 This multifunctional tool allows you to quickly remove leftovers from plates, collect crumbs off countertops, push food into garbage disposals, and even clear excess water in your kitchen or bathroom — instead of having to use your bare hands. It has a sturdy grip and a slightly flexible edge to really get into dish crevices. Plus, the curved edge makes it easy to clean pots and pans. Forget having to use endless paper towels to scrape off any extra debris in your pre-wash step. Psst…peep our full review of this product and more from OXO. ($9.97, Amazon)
····················
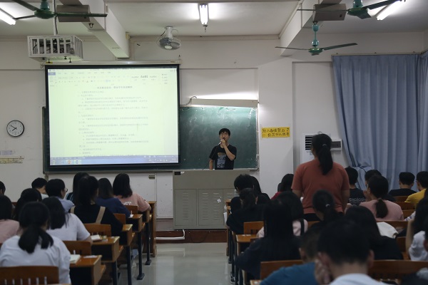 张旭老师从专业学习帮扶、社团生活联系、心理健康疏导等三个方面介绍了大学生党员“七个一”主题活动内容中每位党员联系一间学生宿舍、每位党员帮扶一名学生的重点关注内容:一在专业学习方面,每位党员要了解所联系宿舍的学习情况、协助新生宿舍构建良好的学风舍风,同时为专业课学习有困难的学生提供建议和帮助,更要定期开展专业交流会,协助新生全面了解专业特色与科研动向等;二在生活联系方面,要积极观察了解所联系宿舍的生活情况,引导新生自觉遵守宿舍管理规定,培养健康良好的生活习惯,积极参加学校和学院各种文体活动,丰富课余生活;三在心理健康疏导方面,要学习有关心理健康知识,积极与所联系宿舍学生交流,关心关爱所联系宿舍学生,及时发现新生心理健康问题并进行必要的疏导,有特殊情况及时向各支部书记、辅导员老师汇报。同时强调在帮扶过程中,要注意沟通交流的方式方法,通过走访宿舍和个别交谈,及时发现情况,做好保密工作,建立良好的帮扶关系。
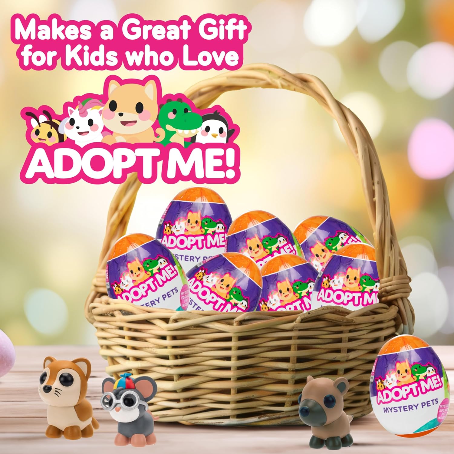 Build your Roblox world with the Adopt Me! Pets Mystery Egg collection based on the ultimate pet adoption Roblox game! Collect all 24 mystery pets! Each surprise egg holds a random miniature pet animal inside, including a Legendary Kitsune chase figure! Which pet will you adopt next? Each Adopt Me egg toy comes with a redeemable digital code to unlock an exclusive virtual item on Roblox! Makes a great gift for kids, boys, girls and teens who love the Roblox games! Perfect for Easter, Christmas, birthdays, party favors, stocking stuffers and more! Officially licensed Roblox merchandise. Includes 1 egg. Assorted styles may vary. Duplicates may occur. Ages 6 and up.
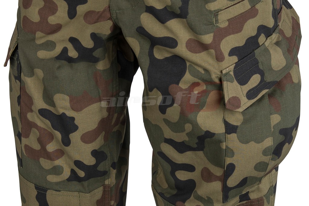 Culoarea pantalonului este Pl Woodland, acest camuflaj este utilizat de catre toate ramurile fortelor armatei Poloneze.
····················
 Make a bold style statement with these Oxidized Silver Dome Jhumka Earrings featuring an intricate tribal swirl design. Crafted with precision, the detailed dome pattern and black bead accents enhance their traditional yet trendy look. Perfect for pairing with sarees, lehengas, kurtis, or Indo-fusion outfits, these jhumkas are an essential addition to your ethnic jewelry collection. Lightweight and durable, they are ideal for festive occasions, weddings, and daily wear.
····················
**Task to carry out**: Above are the records; please give again, exactly and in full, only the lines that run from the line with "Build your Roblox" through the line with "Culoarea pantalonului este", with no pictures.

**Response box**:
 Build your Roblox world with the Adopt Me! Pets Mystery Egg collection based on the ultimate pet adoption Roblox game! Collect all 24 mystery pets! Each surprise egg holds a random miniature pet animal inside, including a Legendary Kitsune chase figure! Which pet will you adopt next? Each Adopt Me egg toy comes with a redeemable digital code to unlock an exclusive virtual item on Roblox! Makes a great gift for kids, boys, girls and teens who love the Roblox games! Perfect for Easter, Christmas, birthdays, party favors, stocking stuffers and more! Officially licensed Roblox merchandise. Includes 1 egg. Assorted styles may vary. Duplicates may occur. Ages 6 and up.
 Culoarea pantalonului este Pl Woodland, acest camuflaj este utilizat de catre toate ramurile fortelor armatei Poloneze.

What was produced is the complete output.